Christensen, the commission's liaison to the transportation department, is also focused on the county's roads.
"I always look forward to trying to maintain our roads that we have so we can always get our products to market and people can get to and from their residences," he said. "We've got a backlog of both bridges and roads, so that's going to be an ongoing issue I enjoy working on."
'A hand up'
Christensen said he also remains supportive of the funding by the commission for various social service agencies in the county.
"Our social programs, that's a portion of our budget. Whether it's addiction (or other issues), there's a lot of poor folks out there and people that are really struggling in this economy today. If we can kind of nudge or give them a little help, give them a hand up, if we're in a position to do that, we certainly should," he said.
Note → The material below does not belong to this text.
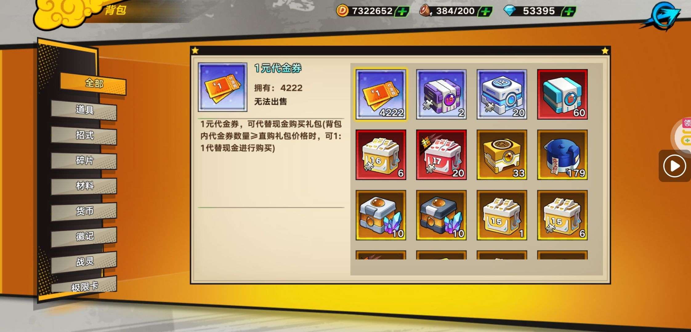 五阵营输出自选包*1、豪华材料自选礼包*2、高级忍法帖*20(每个账号限领一次)

"I think we will continue to have people that we need compassion for, that through no fault of their own need a helping hand. And that should be a hand up, not a hand down. We are an independent bunch of people out here and we tend to help our own, and when somebody is truly in need, these people always come through," he said.
Christensen has lived in Fremont County since he was 2 years old, moving to the area after his father established a homestead following World War II. He earned a degree in farm and ranch management from Colorado State University.
"I'm fortunate enough to be self-employed in a position I was educated for. Therefore I have to manage my own budget and I have to work with my own budget. I can't spend more than I bring in. The banks don't like that," he said.
He grew up in the Midvale area and continues to reside about one mile from the home where he grew up. His wife of 42 years is Heather and they have two grown children and four grandchildren.
"A big reason for community service and public service is the next generation. I enjoyed the fair this last week, and it's pretty easy to see the young folks, the next generation coming up have good parents and good leaders," he said.